# Work to be completed
I would like the lines below, from the one with "شهوی. [ ش َ" through the one with "2.牛乳と卵は合わせて、よく", copied exactly and without any pictures.

# Data listing

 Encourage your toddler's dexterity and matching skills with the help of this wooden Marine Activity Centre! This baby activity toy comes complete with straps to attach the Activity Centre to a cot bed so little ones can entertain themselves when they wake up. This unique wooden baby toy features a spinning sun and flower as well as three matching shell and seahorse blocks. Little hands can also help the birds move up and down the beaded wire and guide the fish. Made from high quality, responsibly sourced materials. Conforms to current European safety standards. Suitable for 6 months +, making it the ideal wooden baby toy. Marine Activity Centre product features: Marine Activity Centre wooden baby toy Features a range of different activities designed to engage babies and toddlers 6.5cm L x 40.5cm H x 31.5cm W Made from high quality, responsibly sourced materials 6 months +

---

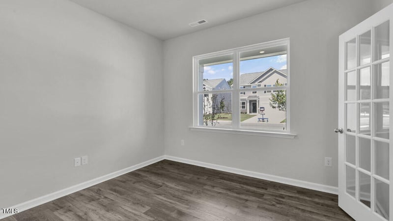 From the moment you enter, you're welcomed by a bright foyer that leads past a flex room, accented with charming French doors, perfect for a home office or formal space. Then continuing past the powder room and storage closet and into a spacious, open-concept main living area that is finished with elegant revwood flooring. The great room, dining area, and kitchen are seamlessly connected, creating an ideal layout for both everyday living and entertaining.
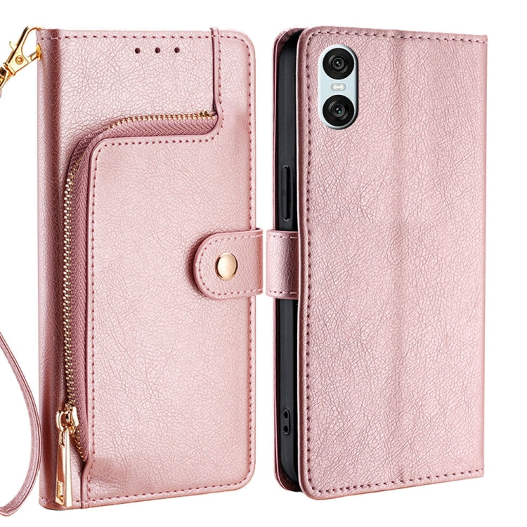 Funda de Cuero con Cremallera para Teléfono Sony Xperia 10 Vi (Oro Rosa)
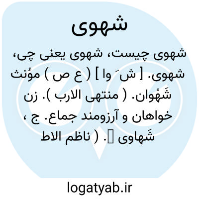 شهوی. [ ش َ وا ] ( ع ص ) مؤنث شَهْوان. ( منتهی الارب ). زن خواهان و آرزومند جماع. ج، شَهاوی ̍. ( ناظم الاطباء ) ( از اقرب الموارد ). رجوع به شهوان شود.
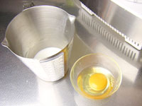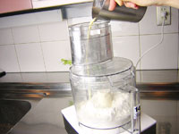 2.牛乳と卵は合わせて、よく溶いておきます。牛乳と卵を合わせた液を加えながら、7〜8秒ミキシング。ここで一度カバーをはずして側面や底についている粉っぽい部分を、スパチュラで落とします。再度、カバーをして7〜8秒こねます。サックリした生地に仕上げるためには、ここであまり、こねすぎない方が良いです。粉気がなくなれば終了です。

# Result
 شهوی. [ ش َ وا ] ( ع ص ) مؤنث شَهْوان. ( منتهی الارب ). زن خواهان و آرزومند جماع. ج، شَهاوی ̍. ( ناظم الاطباء ) ( از اقرب الموارد ). رجوع به شهوان شود.
 2.牛乳と卵は合わせて、よく溶いておきます。牛乳と卵を合わせた液を加えながら、7〜8秒ミキシング。ここで一度カバーをはずして側面や底についている粉っぽい部分を、スパチュラで落とします。再度、カバーをして7〜8秒こねます。サックリした生地に仕上げるためには、ここであまり、こねすぎない方が良いです。粉気がなくなれば終了です。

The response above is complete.